● TASK MATERIAL
──────────

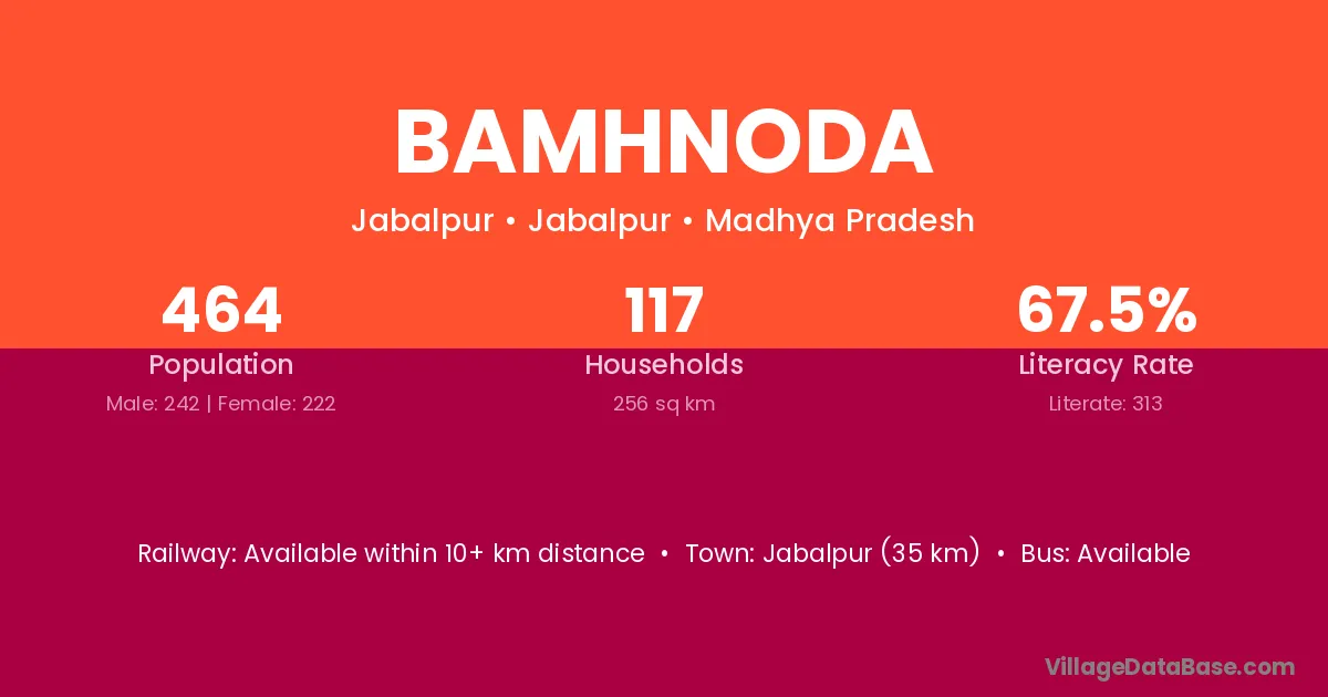 Panagar (17 km) is the nearest town to Bamhnoda village for major economic activities and is located approximately 17 km away.
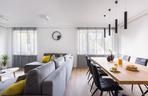 Część dzienna została zaprojektowana tak, by była wygodna na co dzień i podczas spotkań z przyjaciółmi. W salonie jest strefa jadalnia z dużym stołem z drewnianym blatem i wyraźnie wyodrębniona część wypoczynkowa z pokaźnych rozmiarów szarą sofą – prawdziwą królową salonu. Największe wrażenie na odwiedzających gościach robi jednak hol z lustrzaną ścianą kryjącą dwie pary drzwi: do sypialni i łazienki. Pomysłem wartym podpatrzenia jest wnęka z siedziskiem. Architekci Patryk Ławrynowicz i Justyna Kolasa zaprojektowali w holu też czarną szafę mieszczącą pralkę, środki chemiczne, domowe AGD. Za szafą znajduje się przejście do kuchni.
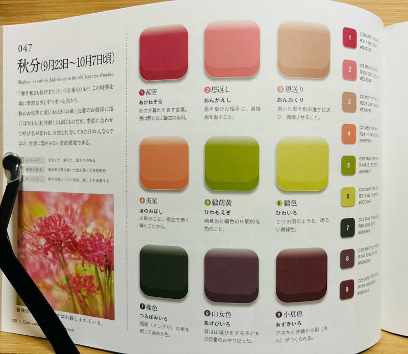 はい。配色本掲載の色は左上の赤色のみで、それ以外はガン無視してしまいました。じゃあ何の要素を拾ったんだよ?というと、この配色ページに掲載されていたヒガンバナの写真ですね。色はほぼ無視してヒガンバナモチーフ一点張りでデザインしちゃいました。ヘヘ…
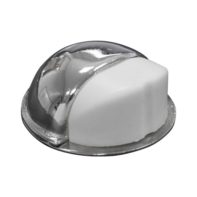 Door stopper of the Spanish brand AMIG, model 400. It is a combination of a metal body in chrome color and white rubber. Its size is ф50mm.
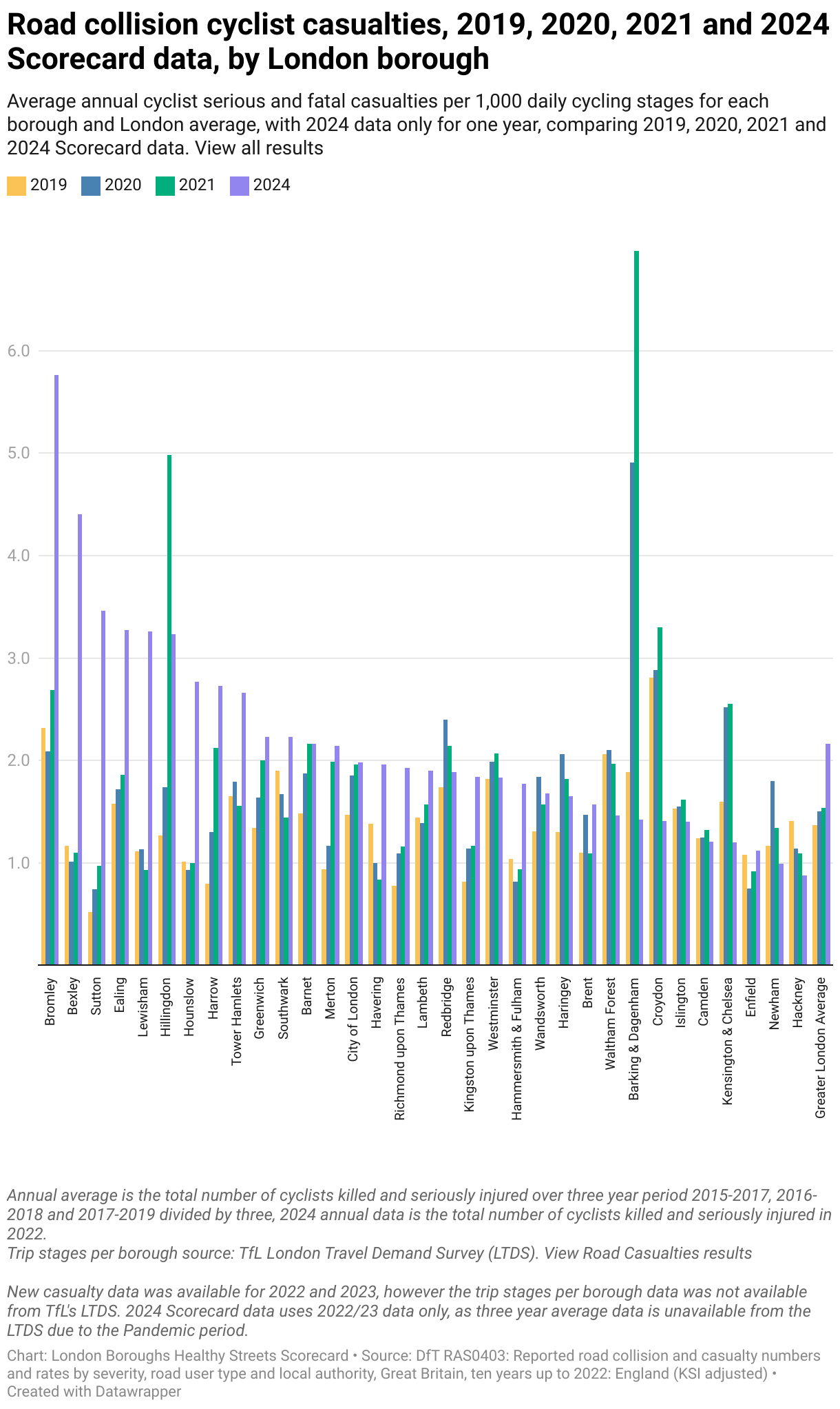 Average annual cyclist serious and fatal casualties per 1,000 daily cycling stages for each borough and London average, with 2024 data only for one year, comparing 2019, 2020, 2021 and 2024 Scorecard data. View all results
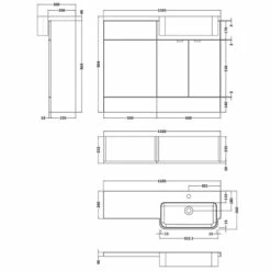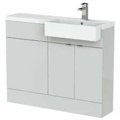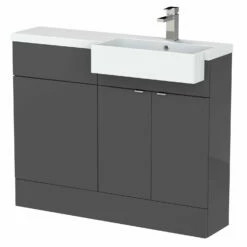 Hudson Reed Fusion RH Combination Unit With Square Semi Recessed Basin 1100mm Wide – Gloss Grey
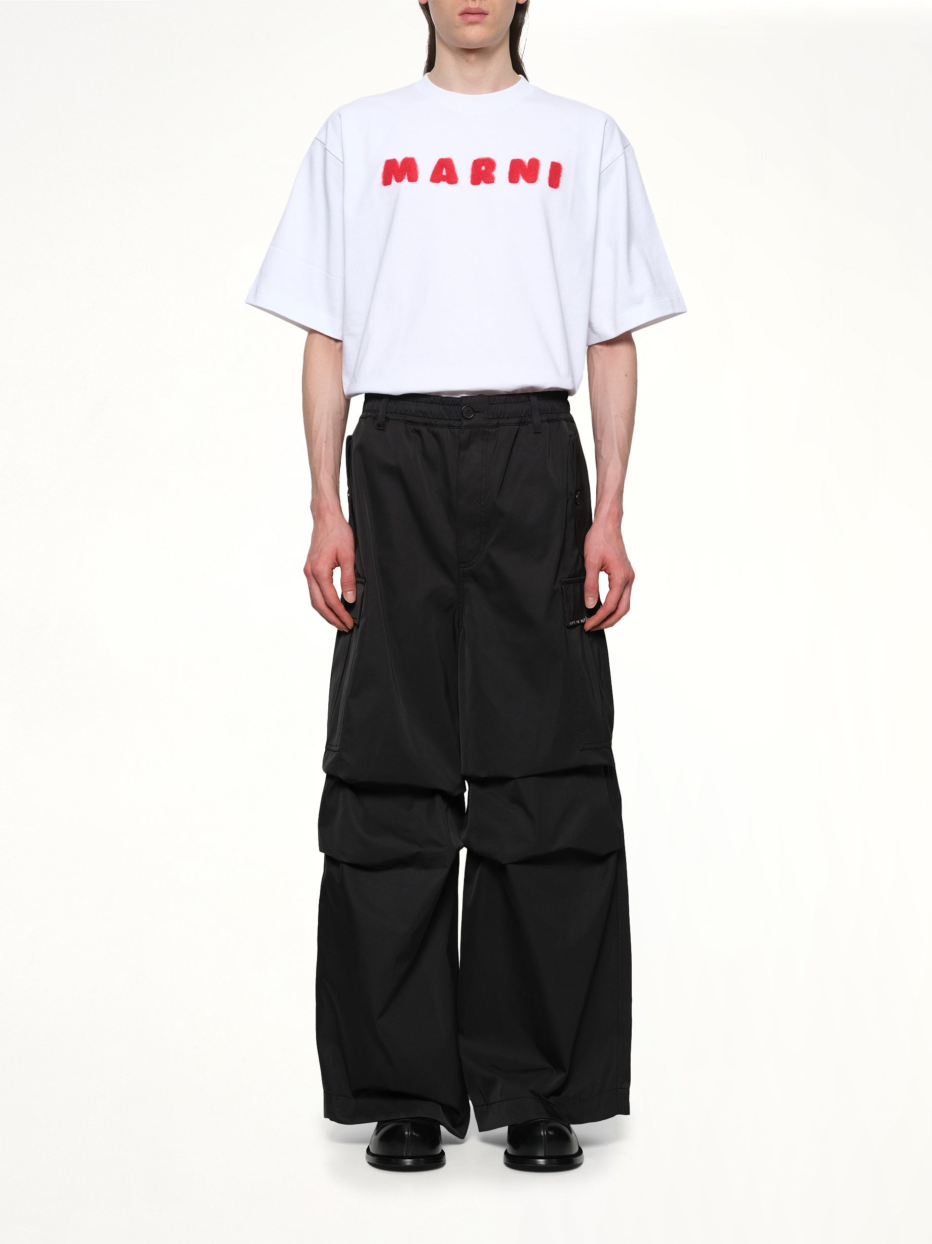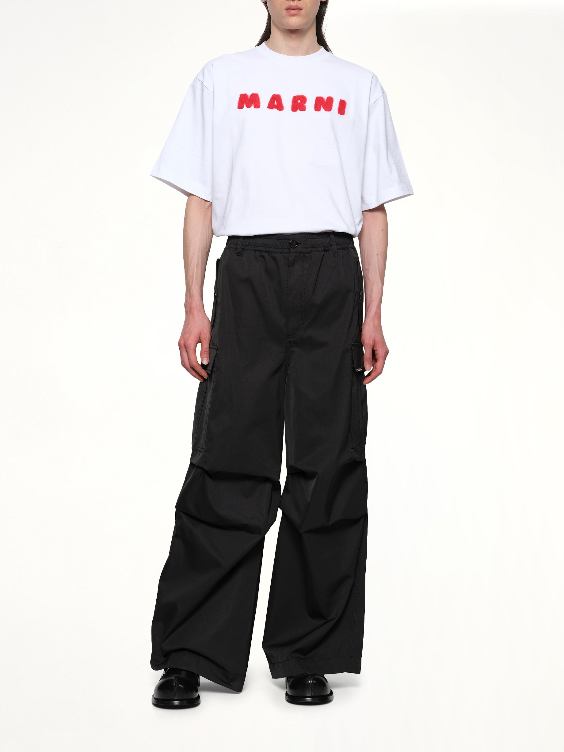 Marni's Taffeta Wide Leg Cargo Pants in Black is a stylish and versatile addition to any wardrobe. These pants combine a modern silhouette with functional design elements, perfect for both casual and elevated looks.

──────────

Return only the lines from the start of the data through the line that contains "Average annual cyclist", please, copying them exactly and omitting all pictures.

 Panagar (17 km) is the nearest town to Bamhnoda village for major economic activities and is located approximately 17 km away.
 Część dzienna została zaprojektowana tak, by była wygodna na co dzień i podczas spotkań z przyjaciółmi. W salonie jest strefa jadalnia z dużym stołem z drewnianym blatem i wyraźnie wyodrębniona część wypoczynkowa z pokaźnych rozmiarów szarą sofą – prawdziwą królową salonu. Największe wrażenie na odwiedzających gościach robi jednak hol z lustrzaną ścianą kryjącą dwie pary drzwi: do sypialni i łazienki. Pomysłem wartym podpatrzenia jest wnęka z siedziskiem. Architekci Patryk Ławrynowicz i Justyna Kolasa zaprojektowali w holu też czarną szafę mieszczącą pralkę, środki chemiczne, domowe AGD. Za szafą znajduje się przejście do kuchni.
 はい。配色本掲載の色は左上の赤色のみで、それ以外はガン無視してしまいました。じゃあ何の要素を拾ったんだよ?というと、この配色ページに掲載されていたヒガンバナの写真ですね。色はほぼ無視してヒガンバナモチーフ一点張りでデザインしちゃいました。ヘヘ…
 Door stopper of the Spanish brand AMIG, model 400. It is a combination of a metal body in chrome color and white rubber. Its size is ф50mm.
 Average annual cyclist serious and fatal casualties per 1,000 daily cycling stages for each borough and London average, with 2024 data only for one year, comparing 2019, 2020, 2021 and 2024 Scorecard data. View all results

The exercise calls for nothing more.